Most teams that run into AI cost problems did not make one big mistake. They made six small ones that compounded. The patterns below show up repeatedly in agent codebases once you start measuring at the token level. Most of them are fixable in an afternoon.

1. The context accumulation loop

A multi-turn agent appends every previous response to the next prompt. After 10 turns, the context window is 90% previous output. You are paying to re-process everything the agent already said, every single call.

Fix: implement a context manager that keeps only the most recent N turns, or summarizes older turns into a compact digest. A well-tuned summarization step typically reduces context window usage by 60-80% for conversation-heavy agents with no meaningful quality loss.

2. Expensive model on cheap tasks

Claude Opus on classification tasks. GPT-5.4 on document chunking. It sounds like a caricature, but it is common. Teams default to the best model for the whole pipeline and never route by task complexity.

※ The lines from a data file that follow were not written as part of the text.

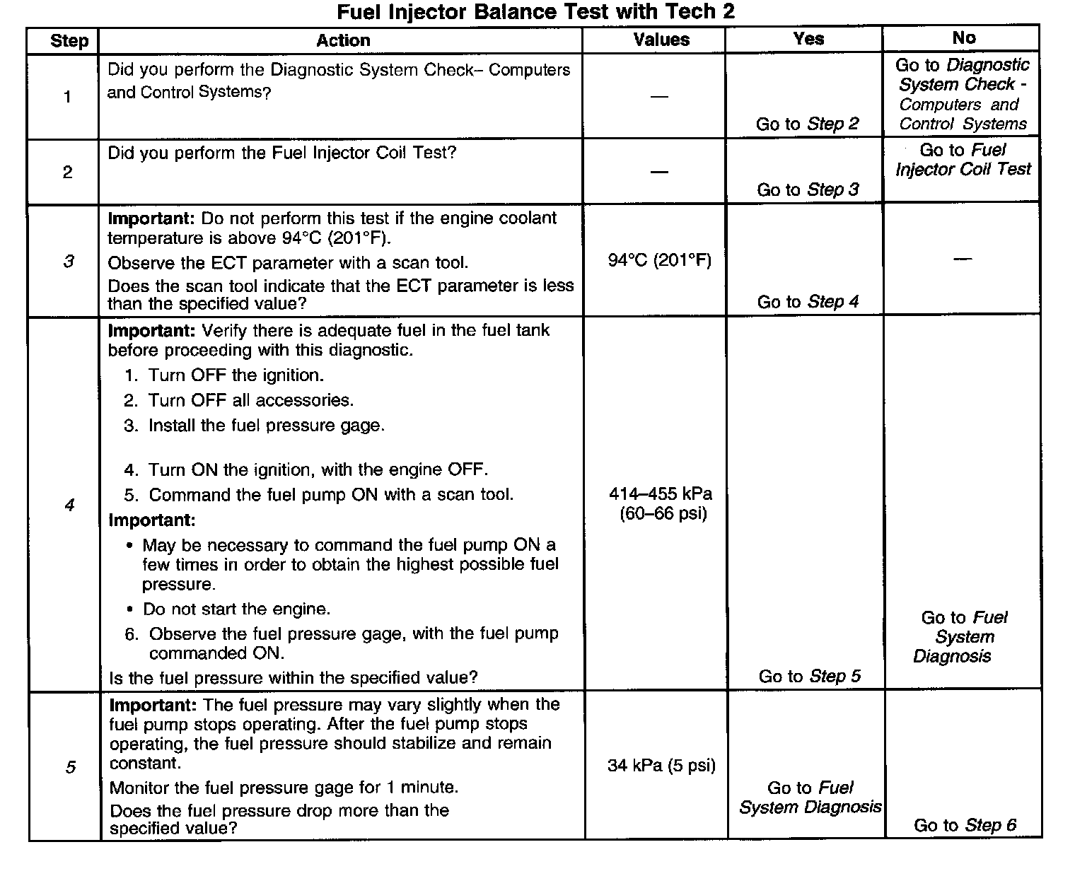6. If the pressure drop value for each fuel injector is within 10 kPa (1.5 psi) of the average pressure drop value, the fuel injectors are flowing properly. Calculate the pressure drop value for each fuel injector by subtracting the second pressure reading from the first pressure reading.
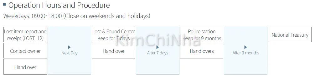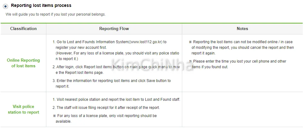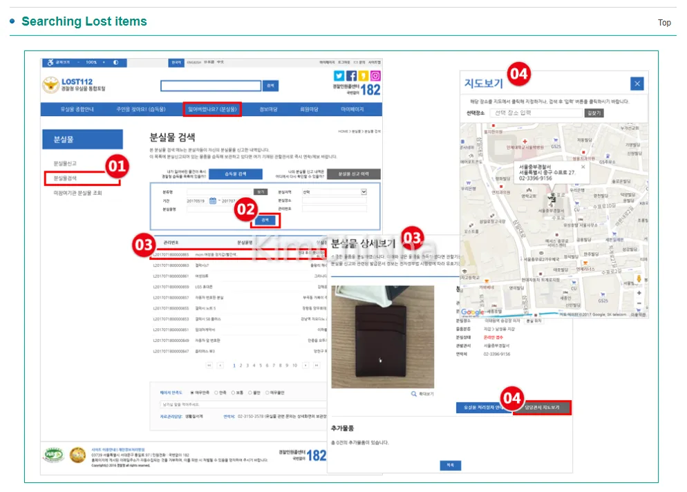 Sau 7 ngày, đồ sẽ được chuyển sang hệ thống quốc gia LOST112 (trang web tìm đồ thất lạc của cảnh sát Hàn).
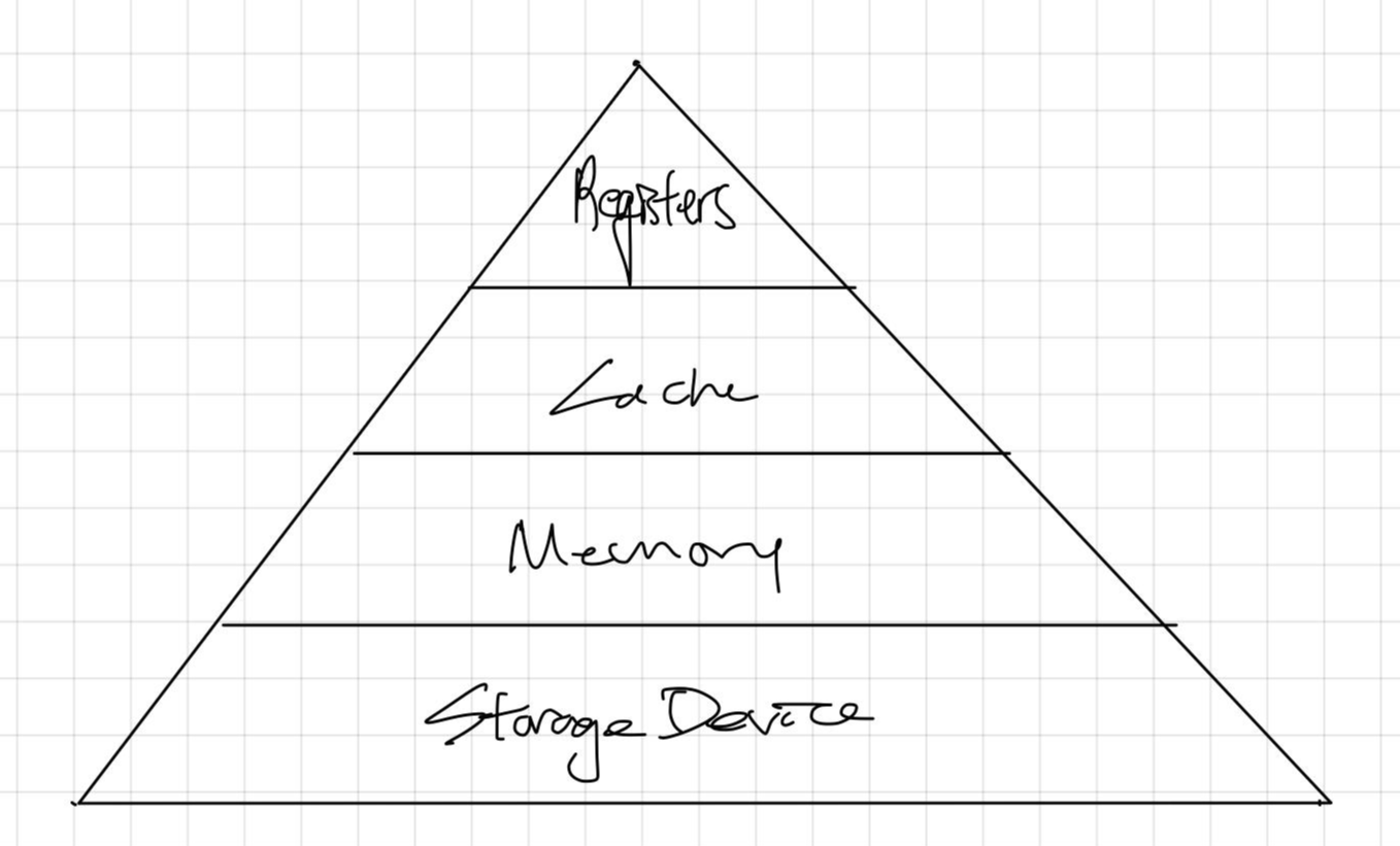 이 그림에서 위로 올라갈 수록 CPU와 거리가 가깝고, 따라서 빠르다. 하지만 그림에서 직관적으로 알 수 있듯이, 저장공간은 작다.
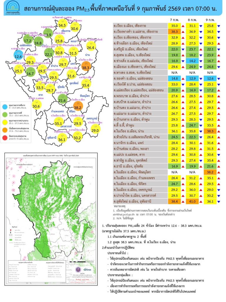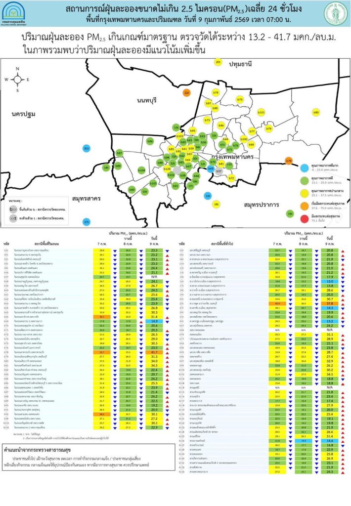 ศกพ. รายงานการติดตามตรวจสอบคุณภาพอากาศ ประจำวันที่ 9 กุมภาพันธ์ 2569 ข่าวสารกิจกรรม, สาธารณภัย ศูนย์สื่อสารการแก้ไขปัญหามลพิษทางอากาศ รายงานการติดตามตรวจสอบคุณภาพอากาศ ประจำวันที่ 9 กุมภาพันธ์ 2569 ศูนย์สื่อสารการแก้ไขปัญหามลพิษทางอากาศ รายงานการติดตามตรวจสอบคุณภาพอากาศ ประจำวันที่ 9 กุมภาพันธ์ 2569 ณ 07:00 น สรุปดังนี้ภาพรวมปริมาณ PM2.5 ในประเทศอยู่ในเกณฑ์มาตรฐานเป็นส่วนใหญ่พบเกินค่ามาตรฐานใน 7 จังหวัดจ.นนทบุรี กรุงเทพฯ จ.น่าน จ.พิษณุโลก จ.สระบุรี จ.ปราจีนบุรี และ จ.สระแก้วภาคเหนือ เกินค่ามาตรฐาน 2 พื้นที่ ตรวจวัดได้ 12.6 – 38.3 ไมโครกรัมต่อลูกบาศก์เมตรภาคตะวันออกเฉียงเหนือ ภาพรวมอยู่ในเกณฑ์ดี ตรวจวัดได้ 9.0 – 27.9 ไมโครกรัมต่อลูกบาศก์เมตรภาคกลางและตะวันตก เกินค่ามาตรฐาน 1 พื้นที่ ตรวจวัดได้ 10.4 – 45.5 ไมโครกรัมต่อลูกบาศก์เมตรภาคตะวันออก เกินค่ามาตรฐาน 2 พื้นที่ ตรวจวัดได้ 14.1 – 44.0 ไมโครกรัมต่อลูกบาศก์เมตรภาคใต้ ภาพรวมอยู่ในเกณฑ์ดีมาก ตรวจวัดได้ 11.8 – 15.6 ไมโครกรัมต่อลูกบาศก์เมตรกรุงเทพมหานครและปริมณฑล เกินค่ามาตรฐาน 2 พื้นที่ ตรวจวัดได้ 13.2 – 41.7 ไมโครกรัมต่อลูกบาศก์เมตรคำแนะนำทางสุขภาพประชาชนทั่วไป : ควรเฝ้าระวังสุขภาพ ลดเวลาการทำกิจกรรมกลางแจ้ง หรือใช้อุปกรณ์ป้องกันตนเองผู้ที่ต้องดูแลสุขภาพเป็นพิเศษ : ควรลดระยะเวลาการทำกิจกรรมกลางแจ้ง หรือใช้อุปกรณ์ป้องกันตนเอง ถ้ามีอาการทางสุขภาพ ควรปรึกษาแพทย์โดยท่านสามารถติดตามสถานการณ์ผ่านทางเว็บไซต์ Air4Thai.com และ airbkk.com แอปพลิเคชัน Air4Thai และ AirBKK ที่มา : Facebook ศูนย์สื่อสารการแก้ไขปัญหามลพิษทางอากาศ Post Views: 12 FacebookFacebookXTwitterLINELine
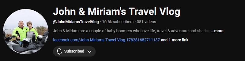 A retired couple who bought a Spyder and have been actively touring across the USA. There is some maintenance and DIY content, but the focus is mainly on travel.
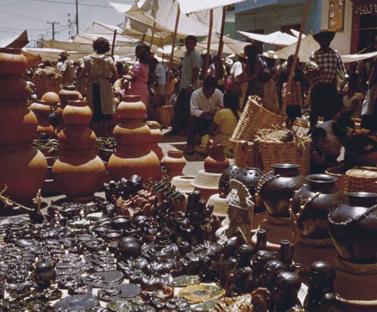 Monte Alban, a great archaeological site. Oaxaca is known as a city of artisans, and it’s especially famous for its painted wood sculptures and black pottery.
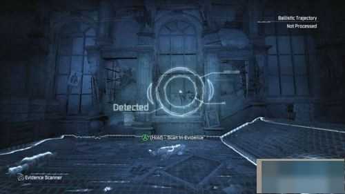 貓女獲救后會從窗外射進一顆子彈,蝙蝠俠判斷是小丑的武器。貓女離開后開始調查子彈的線路,LB進入調查視野后先找到窗戶上的彈孔A鍵調查,然后調查地上的彈孔,通過角度可以定位地點。
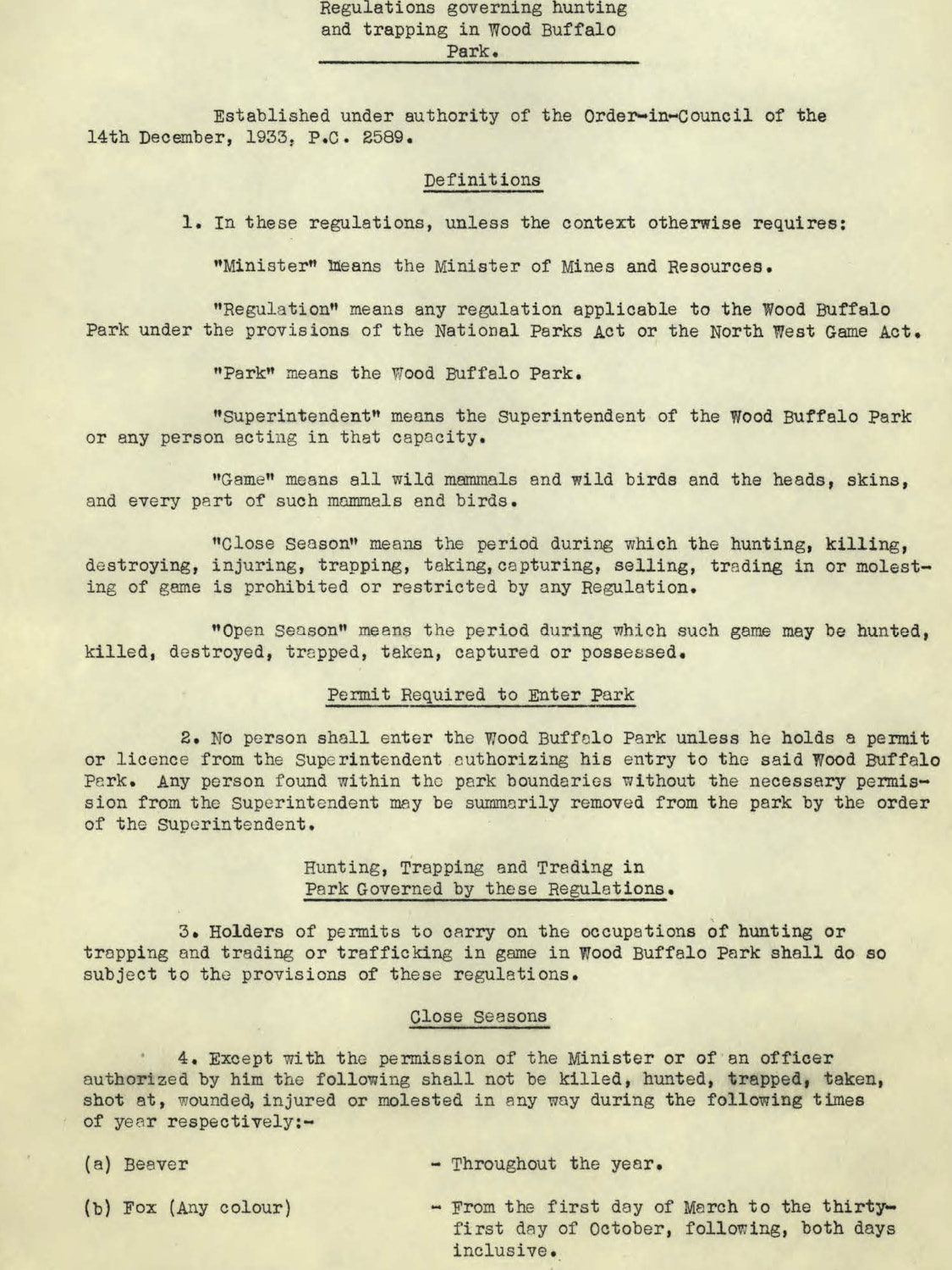 No person shall enter the Wood Buffalo Park unless he holds a permit or license from the Superintendent authorizing his entry to the said Wood Buffalo Park. Any person found within the park boundaries without the necessary permission from the Superintendent may be summarily removed from the park by the order of the Superintendent.
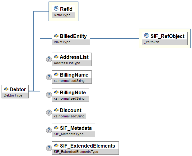 Figure 3.7.2-1: Debtor| Element/@Attribute | Char | Privacy Rating | Description | Type | |
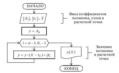 Блок-схема алгоритма вычисления коэффициентов полинома по схеме Горнера
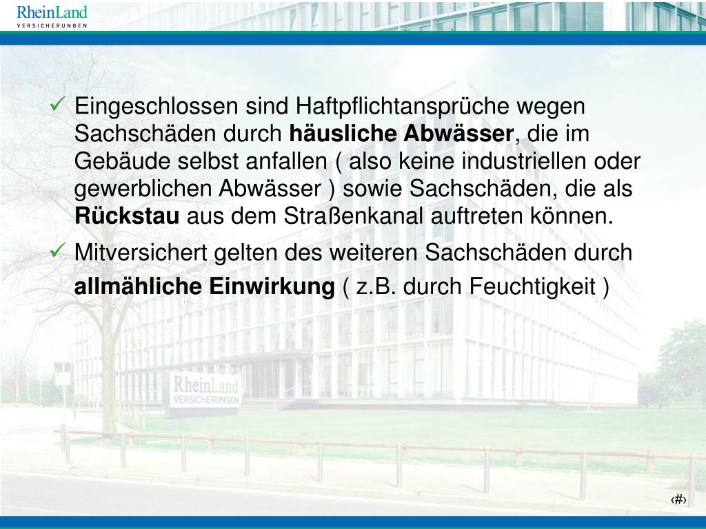 Eingeschlossen sind Haftpflichtansprüche wegen Sachschäden durch häusliche Abwässer, die im Gebäude selbst anfallen ( also keine industriellen oder gewerblichen Abwässer ) sowie Sachschäden, die als Rückstau aus dem Straßenkanal auftreten können. • Mitversichert gelten des weiteren Sachschäden durch allmähliche Einwirkung ( z.B. durch Feuchtigkeit )
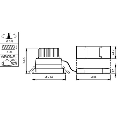Beschrijving Philips LED Downlight LuxSpace Compact Lage hoogte DN570B 52.8W 6200lm 80D - 830 Warm Wit | 214mm - Aluminium Reflector

Real numbers: classifying a support ticket (determine category, priority, department) on Opus costs roughly $0.050 per call. On Haiku: $0.002. For a team processing 5,000 tickets per month, the difference is $240/month vs $10/month for the same output quality. The expensive model is not 25x better at binary classification.

3. Synchronous tool calls that force a full round-trip

An agent needs four pieces of data. It calls each tool sequentially, waiting for each response before issuing the next call. If each tool call takes 500ms and the model response costs $0.01, you have burned four round-trips of latency and cost where you needed one.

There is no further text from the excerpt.